Work order:
Write out exactly the lines below starting at the one containing "2022级优秀团员青年代表严" and ending at the one containing "Matt Maley, of". Omit every picture.

[Dataset excerpts — start]

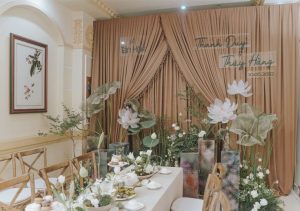 Đặc biệt với lễ gia tiên tại nhà, không gian thường có giới hạn về diện tích và kiến trúc. Việc bố trí phông, hoa, bàn thờ, lối đi… đòi hỏi kinh nghiệm thực tế. Chỉ những đơn vị trang trí cưới hỏi chuyên nghiệp mới có thể xử lý hài hòa giữa truyền thống và hiện đại.
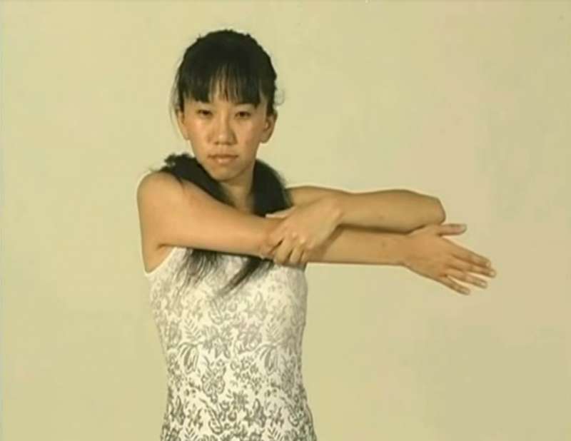 ▼再來將右手往後抬高,向左側拉動,維持一分鐘後慢慢將雙手放下。
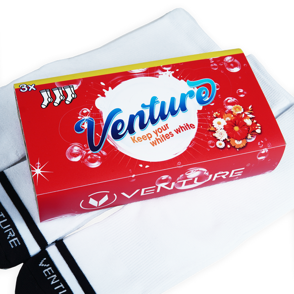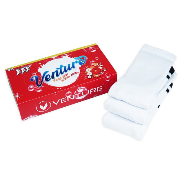 Introducing our "Signature 3 Pack" — where iconic style meets unrivaled comfort. These pristine white socks feature a cloud-soft terry sole for supreme cushioning and are expertly crafted with moisture-wicking technology, ensuring sweat-free comfort all day long. Step into the Venture experience, where every step feels like a signature moment
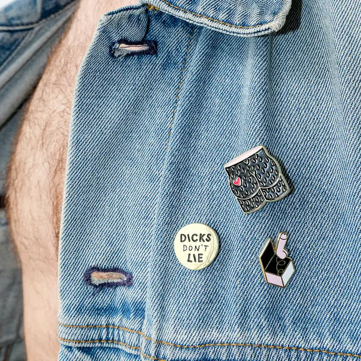 Add a playful twist to your look with the Pin - Dick in a Box from Dicks Don’t Lie. Whether you’re dressing up for work or heading out for fun, this cheeky pin is ideal for those who enjoy a light-hearted approach to fashion. Its unique design is sure to catch eyes and start conversations, making it a standout addition to any collection.
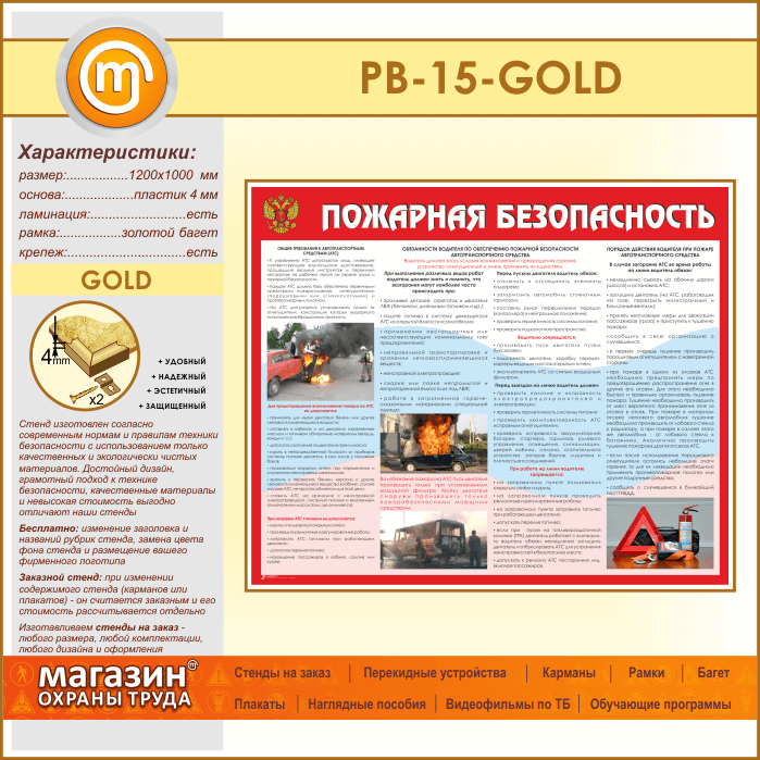 Стенд «Пожарная безопасность на автотранспорте» (PB-15-GOLD) в Пензе купить
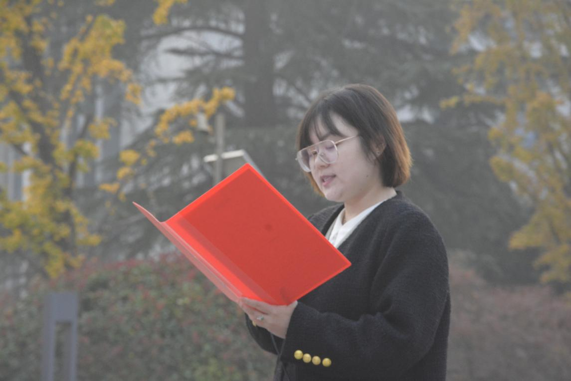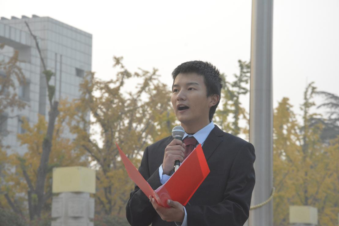 2022级优秀团员青年代表严浩发表国旗下的演讲,讲述了自己从高原到山大的求学历程和感悟,信仰的坚定、知识的渴求、师友的陪伴,推动着他不断前行、不断奋斗。他号召广大青年团员要牢记党的嘱托,做有理想、敢担当、能吃苦、肯奋斗的新时代好青年,以实际行动书写新时代中国青年的光辉篇章。
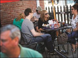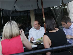 Matt Maley, of Sylvania, center, shares dinner at Treo Cafe with friends who were visiting for a high school reunion.
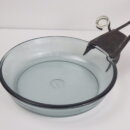 | コーニング社から発売されていた、直火にかけられるシリーズです。 こちらは珍しいスキレット。 ハンドルが付け替え可能で、もう少し深めの2サイズと3点セットで販売されていたようです。 ガラスボタンが割れやすいため、こちらのように残っているのは非常に希少です。 また、青みがかったガラスが使用されていることと、刻印されているエンボスから、古い時代のアイテムであることが伺えます。 調理してそのまま食卓に運んでもオシャレなスキレット。 普段使いやキャンプなどに持ち出すのにおすすめしています。 ※ご使用上の注意点・・・ガラス製スキレットの為、熱した直後に冷まさず冷水につけると温度差で割れてしまいます。洗う際はしっかり冷ましてから水におつけ下さい。 |
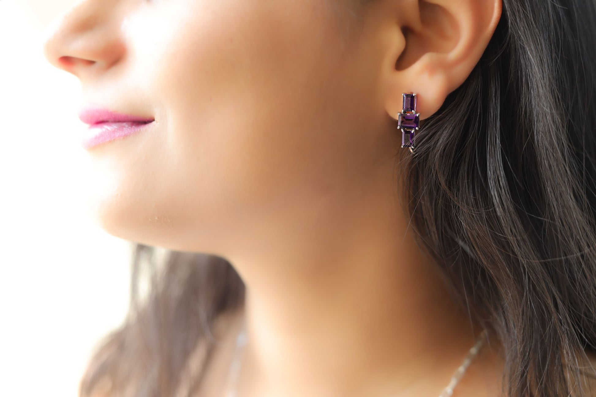 Three Stone Amethyst Earring
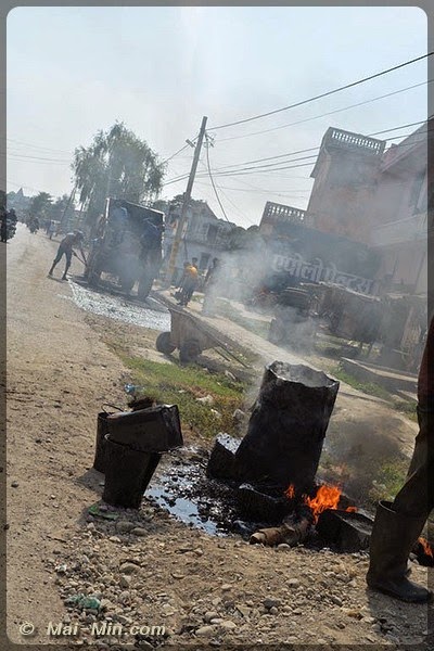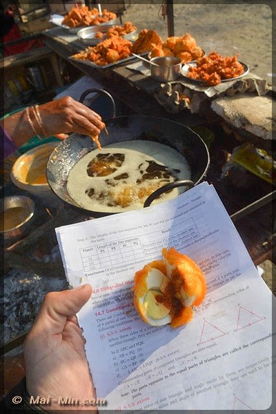 Apres Butwal, la pause ptit dej fut de bouffer un oeuf réchauffé dans de l’huile, elle même réchauffé au feu de bois, dans une feuille de cours de mathématique pour assiette….. euh….
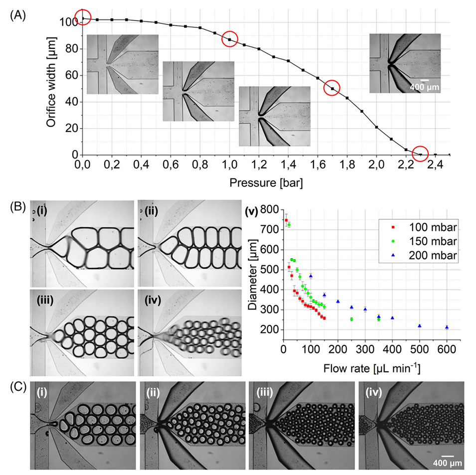 图 2(A)定量显示了阀式流动聚焦(vFF)芯片的孔口宽度随 pv=0–2.5 bar 变化的减小情况。显微镜图像展示了 vFF 芯片孔口在 0、1.0、1.7、2.3 bar 不同压力下的状态。(B)在恒定施加压力 pg=150 mbar、墨水流量分别为 20、30、80、350 µL min-1 且 Pv 恒定为大气压的条件下,vFF 芯片内气泡尺寸可控性的显微镜图像(i-iv)。(v)三种不同施加压力 pg 下,平均气泡尺寸及其标准偏差随流量的量化关系。(C)通过对 vFF 芯片孔口施加压力 pv 进一步减小气泡尺寸。孔口压力 pv 在 0–2.2 bar 范围内变化,可使气泡平均尺寸最小降至 143±7 µm。
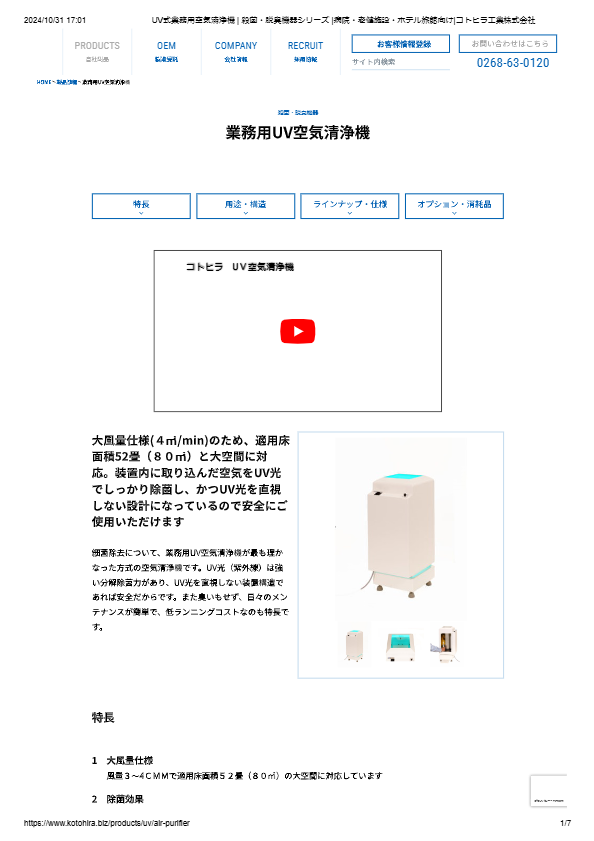 カタログ(業務用UV空気清浄機)
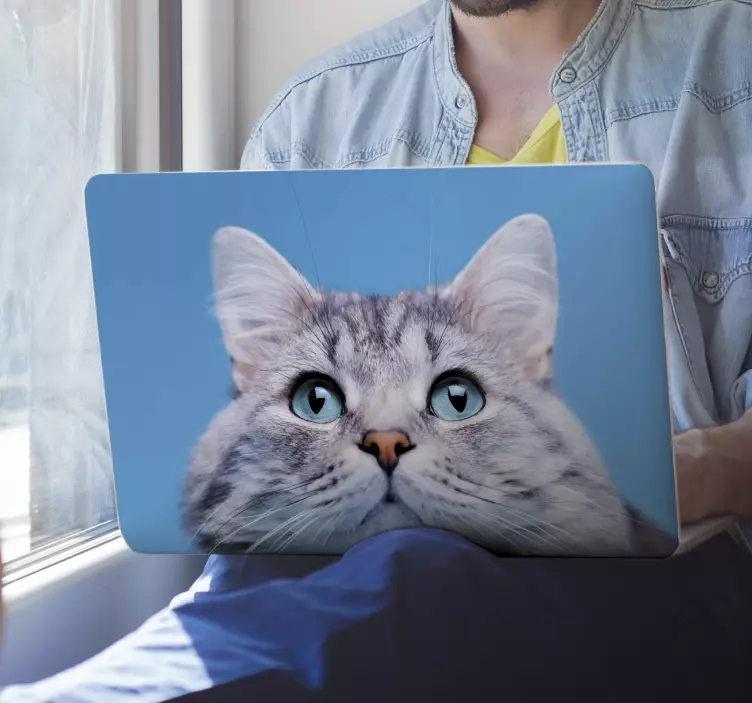 Descubre la magia de nuestro Vinilo para portátil carátula de gato, un diseño encantador que transforma tu ordenador portátil en una obra de arte. Con un fondo azul vibrante y un adorable gato que mira con sus grandes ojos, este felino es la opción perfecta para los amantes de las mascotas y los animales. La fotografía captura la esencia de este rostro amistoso, haciendo que cada vez que abras tu ordenador, sientas una chispa de alegría.

[Dataset excerpts — finish]

Written solution:
 2022级优秀团员青年代表严浩发表国旗下的演讲,讲述了自己从高原到山大的求学历程和感悟,信仰的坚定、知识的渴求、师友的陪伴,推动着他不断前行、不断奋斗。他号召广大青年团员要牢记党的嘱托,做有理想、敢担当、能吃苦、肯奋斗的新时代好青年,以实际行动书写新时代中国青年的光辉篇章。
 Matt Maley, of Sylvania, center, shares dinner at Treo Cafe with friends who were visiting for a high school reunion.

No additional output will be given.